During the fifth and final session of general conference, the two newly called members of the Quorum of the Twelve Apostles offered brief testimony.
Gerrit W. Gong expressed his humility at receiving his calling.
“Words — at least my words — cannot express the overwhelming feelings since President Russell M. Nelson lovingly took my hands in his, with Susan at my side, and extended this sacred call from the Lord that took my breath away and has left me weeping many times these past few days,” he said.
Gong said as brothers and sisters of the gospel, “we belong to each other” and can be knit together in unity and love.
The other new apostle, Elder Ulisses Soares, said he felt “humble and inadequate” for the job ahead.
“I feel like Moses who considered himself ineloquent and slow of speech,” he said.
Soares testified of a prophet on earth.
“Brothers and sisters, isn’t it a blessing to have prophets, seers, and revelators on earth in these days in which we live, who seek to know the will of the Lord and follow it?” he asked. “It is comforting to know that we are not alone in the world, despite the challenges we face in life. Having prophets is a sign of God's love for His children.”

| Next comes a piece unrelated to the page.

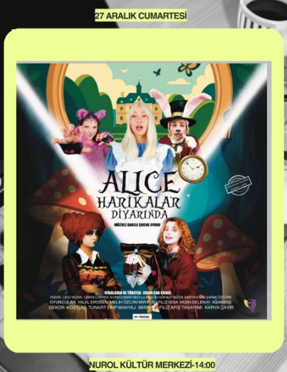 Lewis Carroll’un ölümsüz eserinden uyarlanan oyun, sadece bir tiyatro gösterisi değil; aynı zamanda müzikli ve danslı bir şov olma özelliği taşıyor. Çocukların hayal dünyasını zenginleştiren bu prodüksiyonda, Alice’in beyaz tavşanın peşinden giderek girdiği fantastik dünya, etkileyici dekorlar ve renkli kostümlerle sahneye taşınıyor.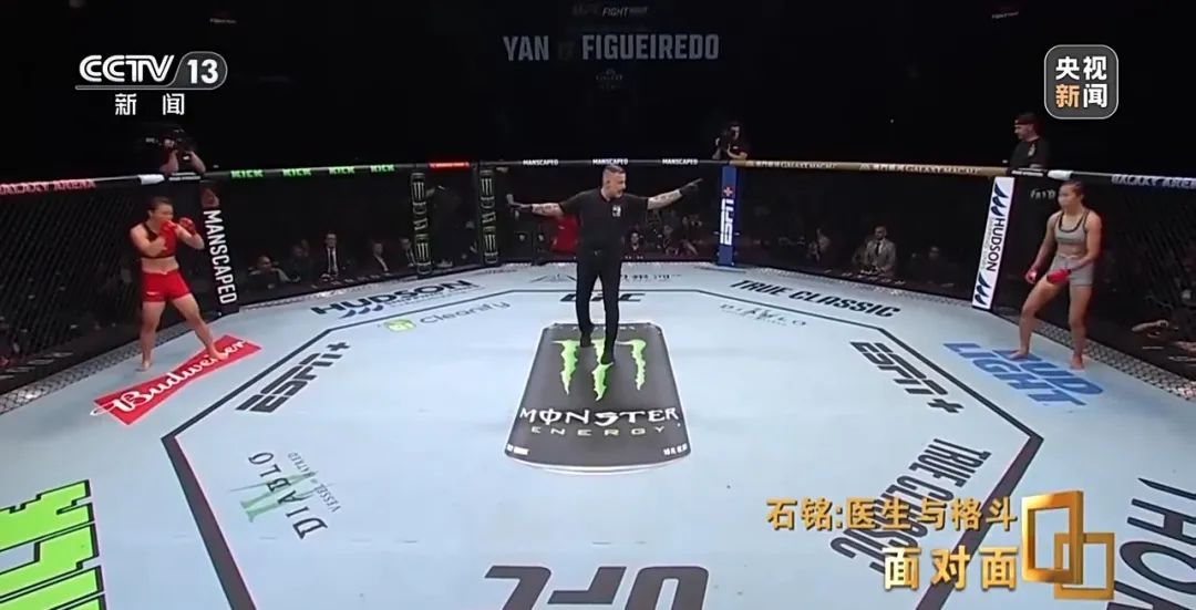 石铭:其实在赢下比赛,裁判终止比赛的时候,我开心了一秒。等我转过头看到她躺在地上的时候,我一下子从山顶掉到了谷底,还是挺难受的。因为作为一个医生,知道给她带来了多大的伤害,转过身看到她之后,我就没有感受到胜利的喜悦了。

Sister Jean B. Bingham, Relief Society General President, discussed the new change in home and visiting teaching with the talk “Ministering as the Savior Does.”

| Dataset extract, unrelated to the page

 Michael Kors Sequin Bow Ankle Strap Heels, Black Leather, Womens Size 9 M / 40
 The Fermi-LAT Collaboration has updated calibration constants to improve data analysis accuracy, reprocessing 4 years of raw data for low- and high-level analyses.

Bingham encouraged church members to think how the Savior would minister to others, and ask themselves, “How can I share the light of the gospel with this individual or family? What is the Spirit inspiring me to do?”
Bingham also said that young women ages 14 to 18 will participate in ministering as companions to Relief Society sisters, just as young men their age currently serve as companions to Melchizedek Priesthood brethren.
Elder Dieter F. Uchtdorf of the Quorum of the Twelve Apostles spoke in conference for the first time since leaving the First Presidency following Thomas S. Monson’s death. Uchtdorf spoke of the sacredness of Easter Sunday, when Christians commemorate the moment the Savior was resurrected.
“What day most changed the course of history?” Uchtdorf asked.
Bishop Gérald Caussé, the presiding bishop of the church, told the congregation the key to understanding the LDS Church is not to see it through its buildings or organized institution, but through its millions of faithful members striving to be like Jesus.
“In other words, the Church is all about people, Caussé said. “It is all about you, the Lord’s disciples — those who love and follow Him and who have taken His name upon them by covenant.”
Caussé asked church members if they are “active in the gospel,” or if they are merely “busy in the church.”
Elder Quentin L. Cook of the Quorum of the Twelve Apostles spoke on the topic “Prepare to Meet God.”
Cook spoke of the almost 70,000 missionaries throughout the world, preaching the gospel, and testified the leaders who preside over the church receive divine assistance.
“This guidance comes from the Spirit and sometimes directly from the Savior,” he said. “Both kinds of spiritual guidance are given.”
As the concluding speaker of the weekend conference, Nelson exhorted church members in a talk titled “Let Us All Press On.”
Nelson asked members to study the proceedings of the conference in the coming months.
“I exhort you to study the messages of this conference frequently — even repeatedly — during the next six months,” he said. “Conscientiously look for ways to incorporate these messages in your family home evenings, your gospel teaching, your conversations with family and friends, and even your discussions with those not of our faith.”
Nelson said the message to the world is simple and sincere: Inviting all of God’s children “on both sides of the veil” to partake of eternal life.